Arvind Mediratta (born 1967) is an Indian business executive, and the managing director and chief executive officer at METRO Cash & Carry, the Indian arm of German wholesaler Metro AG, since February 2016. He is from New Delhi, India.

Education 
Mediratta received a B.Tech in Chemical Engineering from Indian Institute of Technology, Delhi in 1989. He did his MBA in Marketing and Finance from Indian Institute of Management, Calcutta in 1991, and was conferred with the Roll of Honour at the institute. In 2002, he was a part of the General Management Program of the University of Michigan - Stephen M. Ross School of Business.

Career 
Mediratta began his career with Procter & Gamble (P&G) in 1991 to handle marketing and branding strategy in India, Bangkok, and Singapore for a decade. He was the chief marketing officer at Marico in 2001 and Whirlpool (India) in 2003. As the chief marketing officer for South Asia for Yum! Brands in 2005, he handled Taco Bell, Pizza Hut, KFC, and A&W in India, Bangladesh, Sri Lanka, and Mauritius.

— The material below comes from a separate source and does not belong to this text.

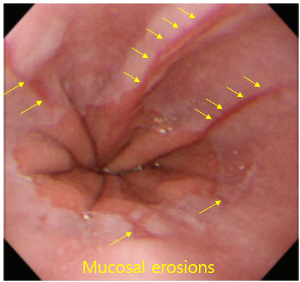 • 내시경에서 식도 미란이 확인되었으므로 위식도역류질환 중 미란성식도염에 해당한다.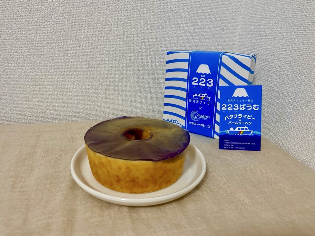 「223 年輪蛋糕(223ばうむ)」是靜岡限定的年輪蛋糕,而且只有在「駿河灣渡輪(駿河湾フェリー)」上才買得到!223 來自日文諧音「富士山(ふじさん)」,而「駿河灣渡輪」是日本僅有公認的海上公路,能欣賞富士山,在包裝與意義上,滿滿濃厚的富士山伴手禮色彩。

Mediratta joined Walmart (India) in 2007 and set up Walmart's Cash and Carry business; later, he was elevated as its chief operating officer and handled its India operations. He joined  Walmart (USA) as the global officer and vice-president for operations (Texas) for the entire US market, followed by being the global officer and vice-president of merchandising for Fresh until 2016.

Mediratta joined Metro Cash and Carry, India as its chief executive officer and managing director in 2016, leading its expansion into new geographies, transformation into a customer-centric enterprise, and making it a profitable billion dollar company.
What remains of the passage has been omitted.